[EXERCISE OBJECTIVE]:
Your copy should match the listing below exactly, except that it holds no images.

[DATA SEGMENT]:
──────────
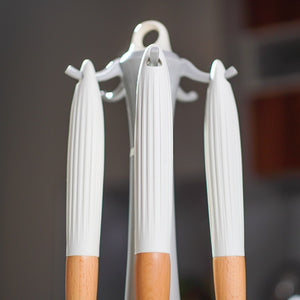 A soft and minimalist addition to your countertop, this wood and ivory-handled set balances simplicity with sophistication. Designed with ribbed grips and a compact stand for a clean, polished look.
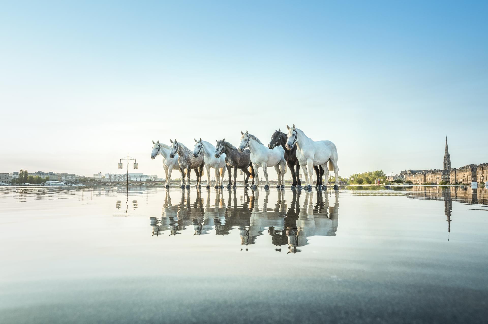 Pour bien comprendre que cette image n’est pas juste une photo posée, il faut se dire qu’elle a été réalisée avec une fenêtre de déclenchement très brève. Du soleil qui s’est levé bien plus vite que je m’y attendais, à la foule qui passait derrière, réussir à synchroniser chaque équidé dans l’expression de ses oreilles dressées; jusqu’au positionnement de chaque cheval qui un pas en avant, l’autre qui recule, tandis que ce dernier se tourne. Malgré la grande discipline que possèdent ces chevaux, ils restent des êtres vivants tels des enfants sur une photo de classe : un peu dissipés, regardant ailleurs. Et pourtant ils dégagent ensemble une force incroyable. Cette image est un couronnement, une réussite de tous ces efforts déployés au long de ce projet. Elle est un écrin. Nullement préparée, improvisée et proposée par les chevaux.
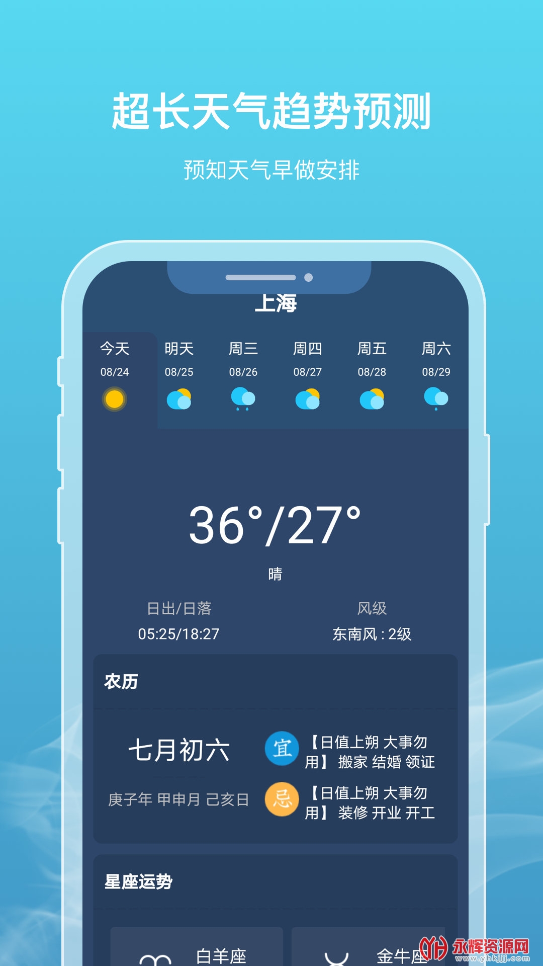 3、星座大师坐镇,每天为您指导迷津,12星座每日运势连 连看不停 *各项数据均由权威天气机构提供数据支撑,多渠道数据源整合,只为给您提供气象预报数据
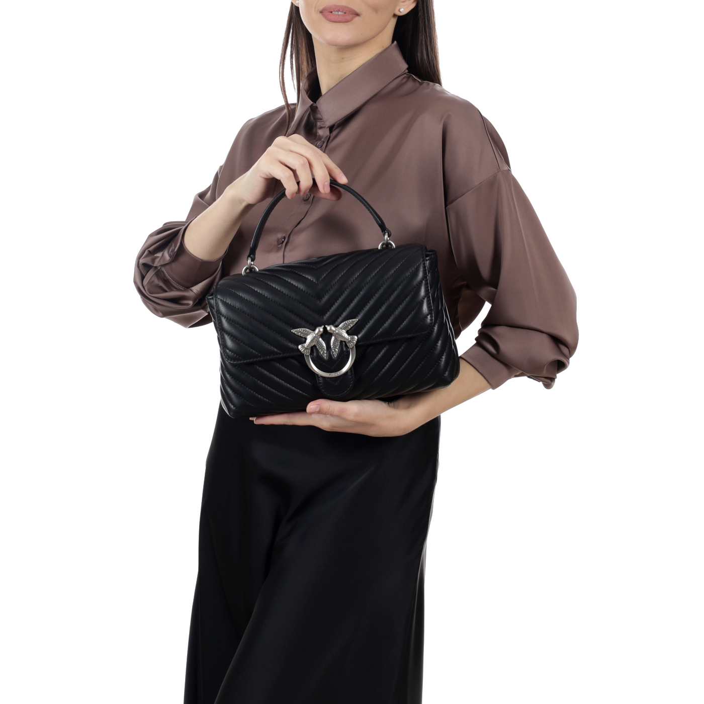 Кожаная сумка Pinko 100043-A0GK/Z99O_black - 2000558612074 черный натуральная кожа 28 x 16 x 7,5 Цена 51520 руб. купить в интернет-магазине PanChemodan.ru в Новосибирске
──────────
[EXPECTED OUTPUT]:
 A soft and minimalist addition to your countertop, this wood and ivory-handled set balances simplicity with sophistication. Designed with ribbed grips and a compact stand for a clean, polished look.
 Pour bien comprendre que cette image n’est pas juste une photo posée, il faut se dire qu’elle a été réalisée avec une fenêtre de déclenchement très brève. Du soleil qui s’est levé bien plus vite que je m’y attendais, à la foule qui passait derrière, réussir à synchroniser chaque équidé dans l’expression de ses oreilles dressées; jusqu’au positionnement de chaque cheval qui un pas en avant, l’autre qui recule, tandis que ce dernier se tourne. Malgré la grande discipline que possèdent ces chevaux, ils restent des êtres vivants tels des enfants sur une photo de classe : un peu dissipés, regardant ailleurs. Et pourtant ils dégagent ensemble une force incroyable. Cette image est un couronnement, une réussite de tous ces efforts déployés au long de ce projet. Elle est un écrin. Nullement préparée, improvisée et proposée par les chevaux.
 3、星座大师坐镇,每天为您指导迷津,12星座每日运势连 连看不停 *各项数据均由权威天气机构提供数据支撑,多渠道数据源整合,只为给您提供气象预报数据
 Кожаная сумка Pinko 100043-A0GK/Z99O_black - 2000558612074 черный натуральная кожа 28 x 16 x 7,5 Цена 51520 руб. купить в интернет-магазине PanChemodan.ru в Новосибирске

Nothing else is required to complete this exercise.